Liability for Further Assessments . Shareholders are not subject to further assessments on their shares of common stock.

Sinking Fund Provision . Our common stock does not require that a separate capital reserve be maintained to pay shareholders with preferential rights for their investment in the event of liquidation or redemption.

Redemption or Conversion Rights . The holders of our common stock do not have a right of redemption, which is the right to sell their shares back to us, nor do they have a right to convert their shares to other classes or series of stock, such as preferred stock.

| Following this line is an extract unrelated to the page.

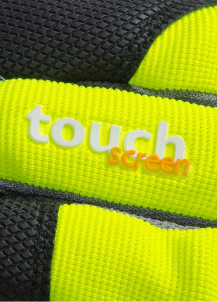 Wear-resistant glove with extremely good grip. Touch screen function so you can use tablet/mobile devices without removing the glove. For construction/plant and handiwork.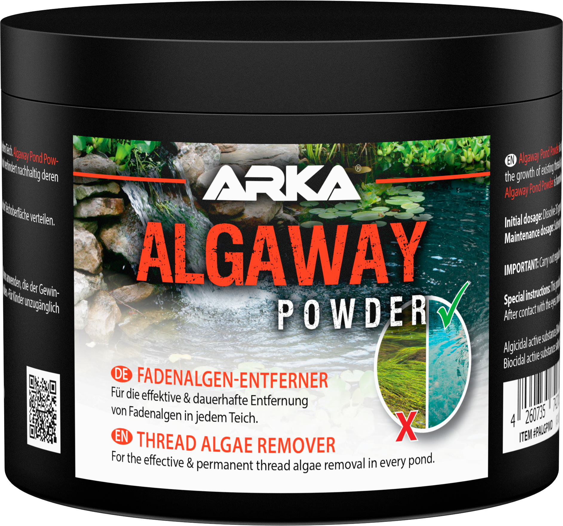 Algaway ha una formula in polvere che è molto facile da usare ed è innocuo per gli animali del laghetto.

Dividends . Each shareholder is entitled to receive dividends, if and when, declared by our board of directors out of legally available funds. Our primary source of funds for dividends is the dividends we receive from MidSouth Bank, N.A.; therefore, our ability to declare dividends is highly dependent upon future earnings, financial condition, and results of operation of MidSouth Bank, N.A. as well as applicable legal restrictions on MidSouth Bank N.A.’s ability to pay dividends and other relevant factors.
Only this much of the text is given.